Looking down at the frenetic energy of New York, he weighed his next move. If Katya had been dumped at his home as a warning, then the powers in the PsyNet already knew she was alive and were - as she herself had said - controlling her. However, he had to consider the converse possibility - that she'd been rescued and left at his home because her rescuer knew the Forgotten would never cooperate with the Council. If so, any ripple in the pond could put her life in danger.
He turned to find Maggie, in the doorway. "What is it?"
"Jack's on his way up." Her eyes were sympathetic.
Dev's gut twisted, his mind filling with images of William, Jack's son. The last time Dev had seen him, Will had still been a laughing, energetic little boy. Now . . . "Show him in when he arrives."
Sleet began to fleck the window as Maggie withdrew, every blow more cold and brittle than the last. Moving away from the sudden darkness, Dev returned to his desk. To his responsibilities. There was only one decision he could make when it came to seeking information about Katya - she wasn't as important as the thousands of Forgotten he'd pledged to protect. A ruthless line, but one he could not cross.

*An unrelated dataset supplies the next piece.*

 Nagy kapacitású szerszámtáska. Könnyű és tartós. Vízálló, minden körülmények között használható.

Several floors below, her eyes closed in sleep, Katya found herself back in the spider's web.
"What is your secondary purpose?"
"To gather information on the Forgotten, to discover their secrets."
"And if you fail to find any useful data in the designated time frame?"

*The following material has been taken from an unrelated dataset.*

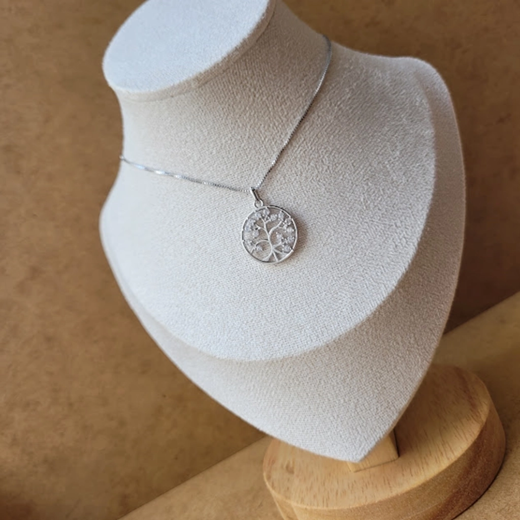 Colar Círculo Árvore da Vida Cristal – Ródio Branco

Fear rose, but it was dull, a feeling she'd endured so long, it had become a bruise that never faded. "I must shift all my focus to the primary task."
"What is that task?"
"To kill the director of the Shine Foundation, Devraj Santos."

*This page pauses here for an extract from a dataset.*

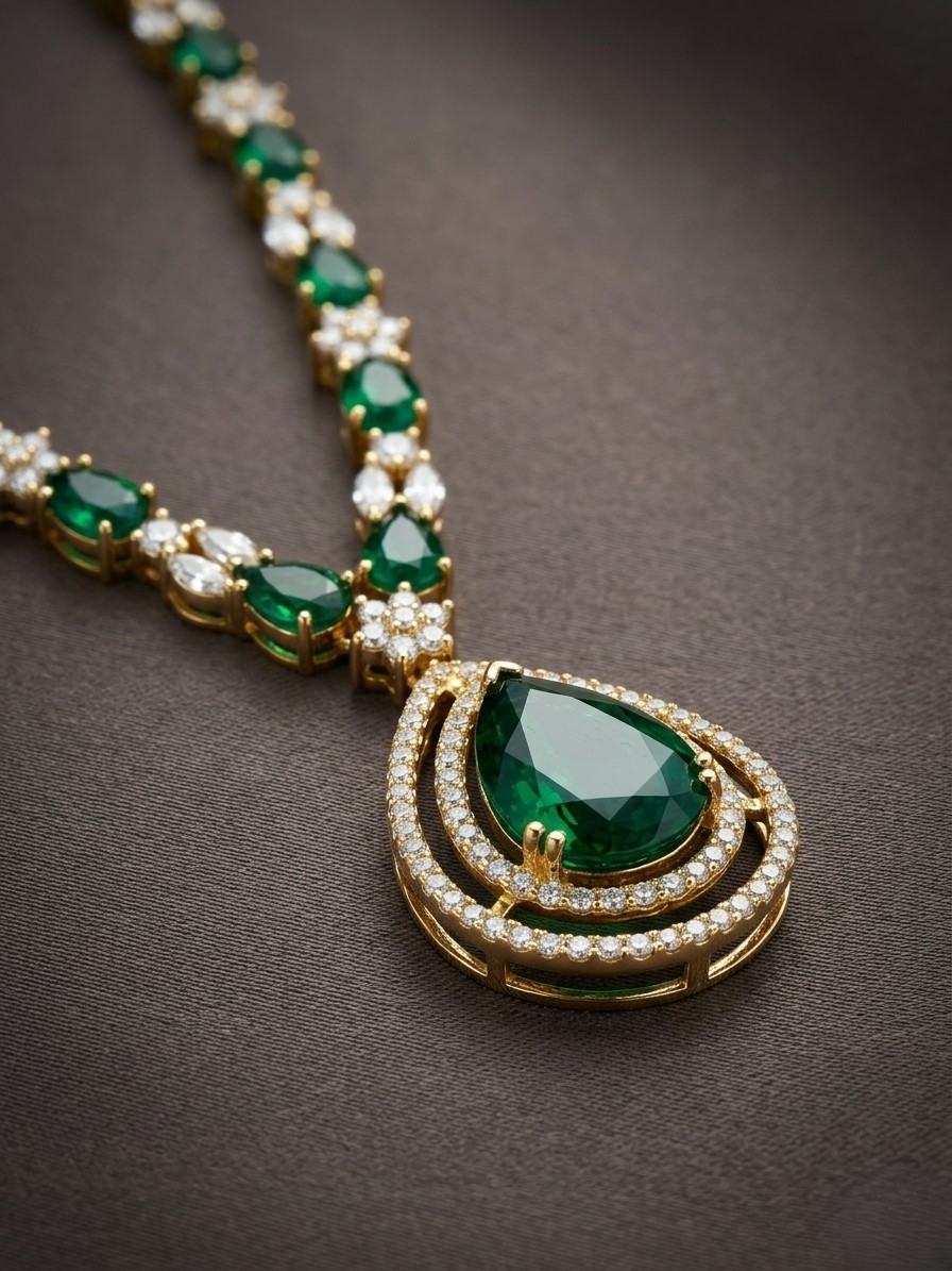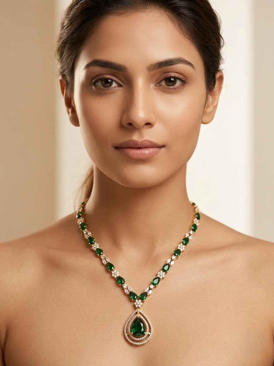 Inspired by timeless elegance and classic gemstone jewellery, this necklace reflects refined beauty with a luxurious touch. The deep emerald green centrepiece evokes sophistication, making it perfect for both modern and traditional styling.

"In a way that makes it clear he was assassinated. In a way that leaves no room for doubt about who did the task."
That threw her. "You didn't tell me why."
"Good." A single, ice-cold word. "Your job isn't to understand, simply to do. Now repeat what you are to do."
"Kill Devraj Santos."
A pause, a rustle of fabric as he crossed his legs, his face as expressionless as when he'd shut her in the dark again though she'd begged and pleaded on her hands and knees.
"Please," she'd said, scrabbling to hold on to his legs. "Please, don't. Please, please!"
But he'd kicked her away, locked the door. And now he sat - a god on his throne while she huddled on the floor - speaking to her in that cool voice that never changed, no matter how much she screamed.
"That task is the sole reason I'm leaving you alive."
"You're already dead. Easily expendable."
"If I fail?" She was so weak, her bones seeming to melt from the inside out. How could she possibly kill any man, much less one reputed to be as lethal as the director of the Shine Foundation?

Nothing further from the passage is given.